MATERIAL TO PROCESS -
--- START ---
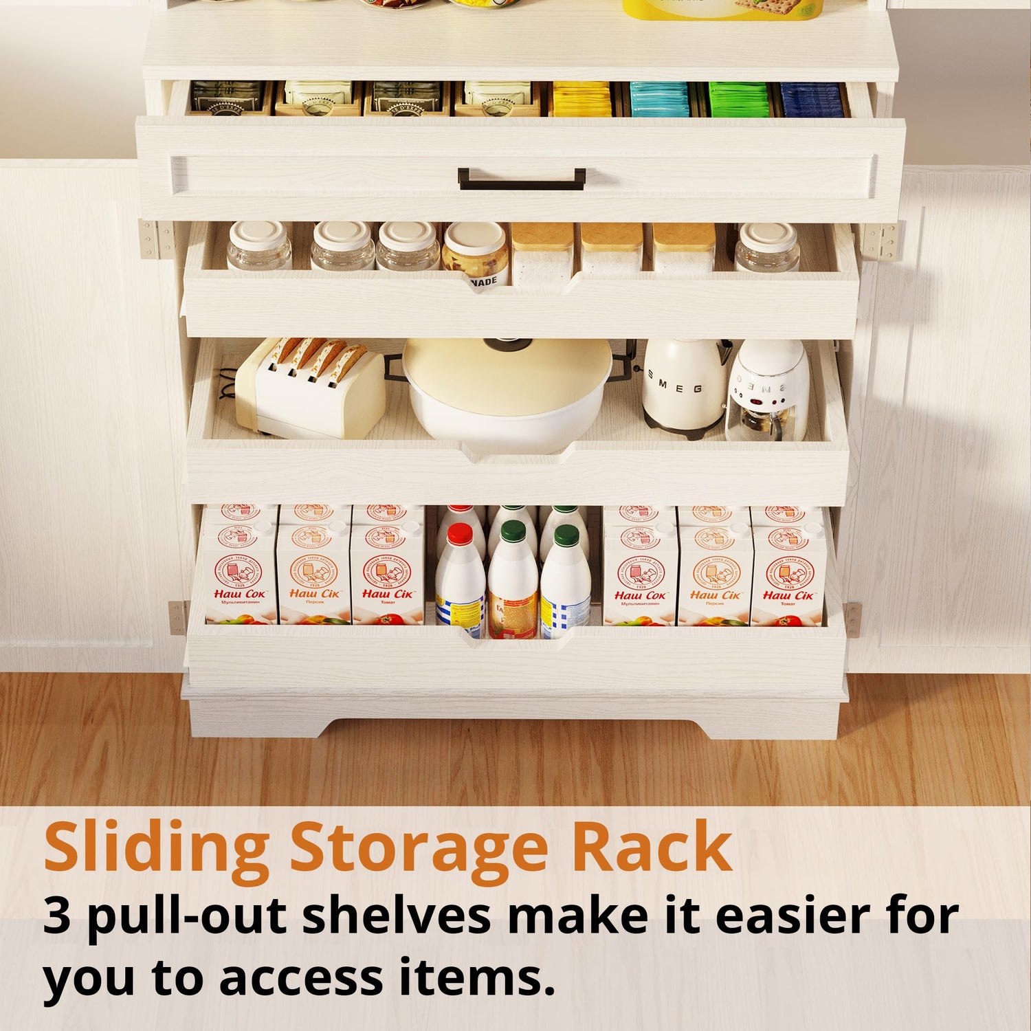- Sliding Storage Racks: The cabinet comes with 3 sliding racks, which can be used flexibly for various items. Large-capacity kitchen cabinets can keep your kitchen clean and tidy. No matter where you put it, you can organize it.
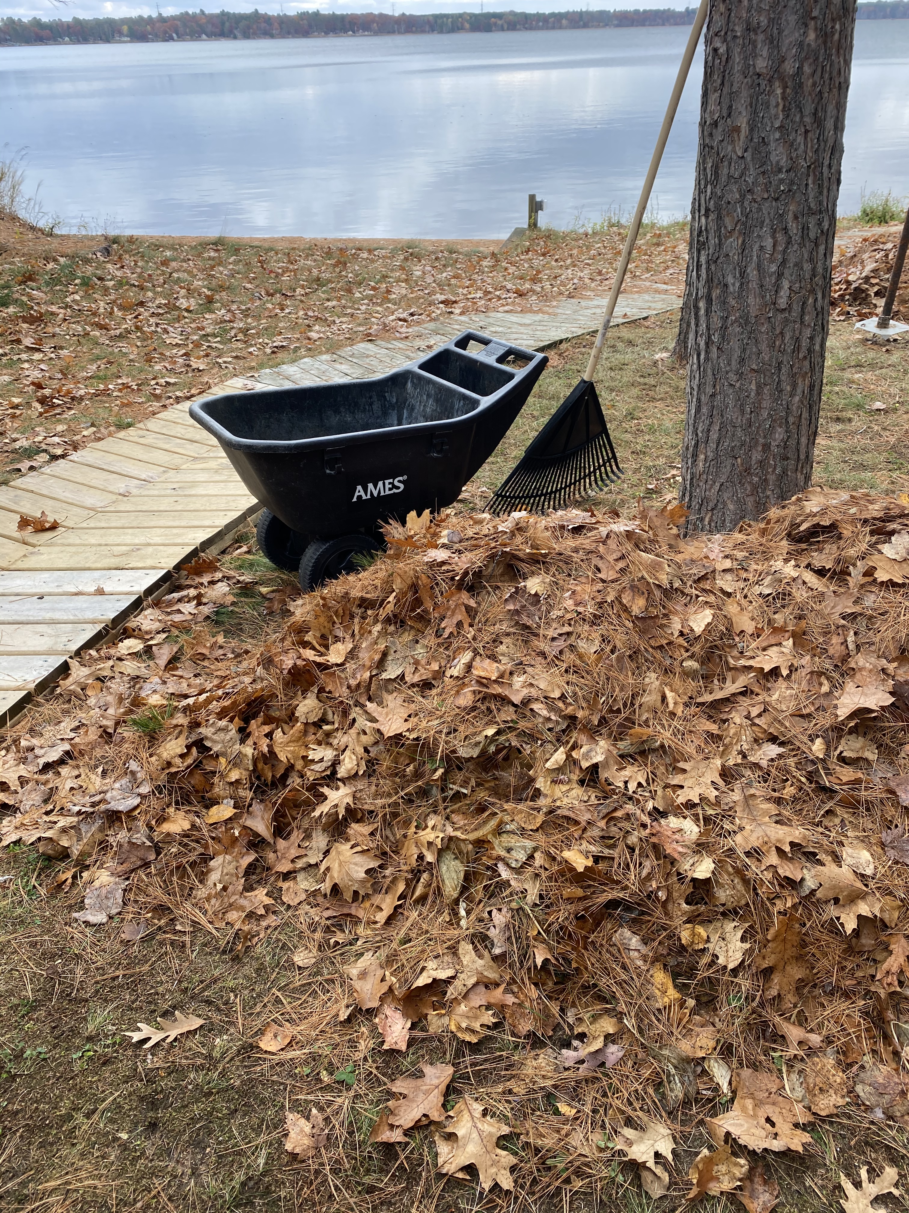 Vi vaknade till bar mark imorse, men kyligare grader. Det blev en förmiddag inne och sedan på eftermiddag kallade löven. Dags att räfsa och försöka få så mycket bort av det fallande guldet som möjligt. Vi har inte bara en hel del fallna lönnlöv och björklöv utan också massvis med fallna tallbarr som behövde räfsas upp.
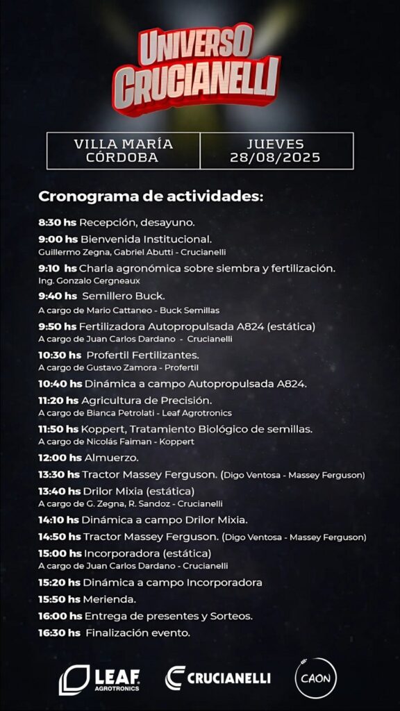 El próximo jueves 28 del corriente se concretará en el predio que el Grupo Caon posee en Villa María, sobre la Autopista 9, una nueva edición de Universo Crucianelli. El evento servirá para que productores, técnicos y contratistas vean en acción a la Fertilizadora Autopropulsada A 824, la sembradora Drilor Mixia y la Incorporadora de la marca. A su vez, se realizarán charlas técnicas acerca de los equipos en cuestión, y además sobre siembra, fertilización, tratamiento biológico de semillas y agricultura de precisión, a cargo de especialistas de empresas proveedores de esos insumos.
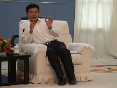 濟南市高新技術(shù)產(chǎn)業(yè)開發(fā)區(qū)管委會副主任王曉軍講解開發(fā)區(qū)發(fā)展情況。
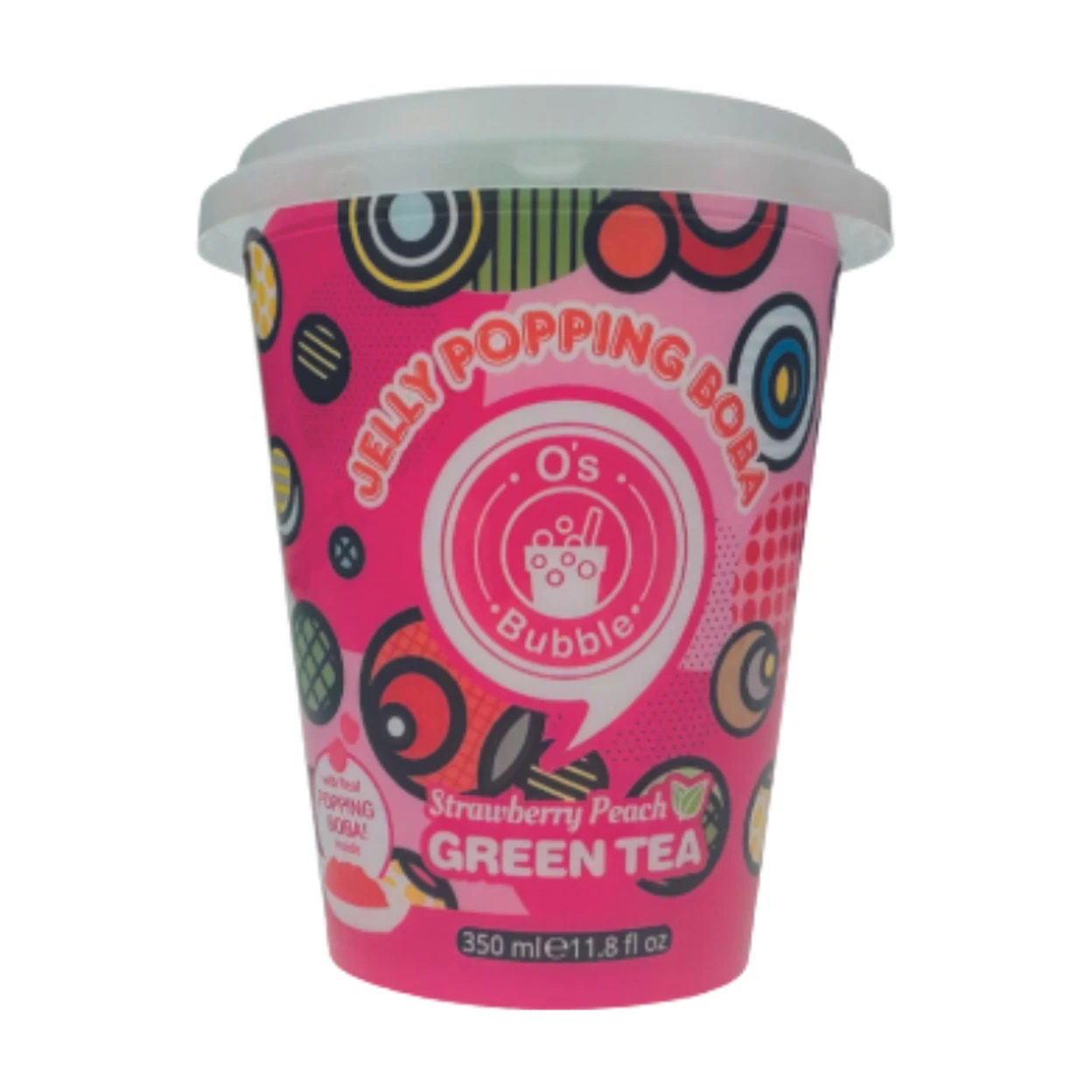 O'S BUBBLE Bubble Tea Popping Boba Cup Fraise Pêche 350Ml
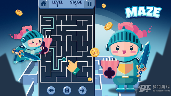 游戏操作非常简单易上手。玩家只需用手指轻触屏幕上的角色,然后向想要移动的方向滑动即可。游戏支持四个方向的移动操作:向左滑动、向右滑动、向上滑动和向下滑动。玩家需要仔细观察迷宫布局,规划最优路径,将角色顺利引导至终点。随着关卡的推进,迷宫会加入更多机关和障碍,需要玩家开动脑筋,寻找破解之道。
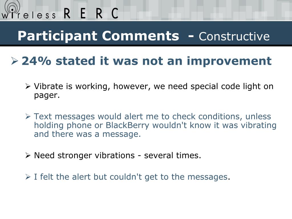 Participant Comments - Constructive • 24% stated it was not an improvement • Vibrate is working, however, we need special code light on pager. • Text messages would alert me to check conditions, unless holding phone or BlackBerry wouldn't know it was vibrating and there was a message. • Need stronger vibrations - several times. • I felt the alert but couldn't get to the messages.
--- END ---
--- START ---
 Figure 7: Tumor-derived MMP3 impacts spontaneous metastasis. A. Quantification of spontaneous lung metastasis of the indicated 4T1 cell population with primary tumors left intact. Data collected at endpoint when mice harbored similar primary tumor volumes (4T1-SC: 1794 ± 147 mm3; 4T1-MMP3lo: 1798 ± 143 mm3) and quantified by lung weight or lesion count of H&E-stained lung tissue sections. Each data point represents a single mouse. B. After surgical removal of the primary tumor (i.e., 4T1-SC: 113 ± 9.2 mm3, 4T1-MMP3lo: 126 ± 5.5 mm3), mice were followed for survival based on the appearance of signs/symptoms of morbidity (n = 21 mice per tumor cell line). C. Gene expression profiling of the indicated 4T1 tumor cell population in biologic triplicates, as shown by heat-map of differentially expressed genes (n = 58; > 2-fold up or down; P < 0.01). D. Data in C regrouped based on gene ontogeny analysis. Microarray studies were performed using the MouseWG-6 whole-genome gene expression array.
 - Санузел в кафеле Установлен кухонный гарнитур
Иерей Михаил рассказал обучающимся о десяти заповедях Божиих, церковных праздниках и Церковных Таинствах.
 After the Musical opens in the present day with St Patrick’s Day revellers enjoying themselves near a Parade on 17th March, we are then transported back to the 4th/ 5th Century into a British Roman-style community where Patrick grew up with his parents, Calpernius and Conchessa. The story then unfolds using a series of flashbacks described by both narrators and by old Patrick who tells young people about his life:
--- END ---
GOAL OF THE EXERCISE - Of the lines above, copy only those from the one holding "O'S BUBBLE Bubble" to the one holding "游戏操作非常简单易上手。玩家", both included, and exclude every image.

SOLUTION -
 O'S BUBBLE Bubble Tea Popping Boba Cup Fraise Pêche 350Ml
 游戏操作非常简单易上手。玩家只需用手指轻触屏幕上的角色,然后向想要移动的方向滑动即可。游戏支持四个方向的移动操作:向左滑动、向右滑动、向上滑动和向下滑动。玩家需要仔细观察迷宫布局,规划最优路径,将角色顺利引导至终点。随着关卡的推进,迷宫会加入更多机关和障碍,需要玩家开动脑筋,寻找破解之道。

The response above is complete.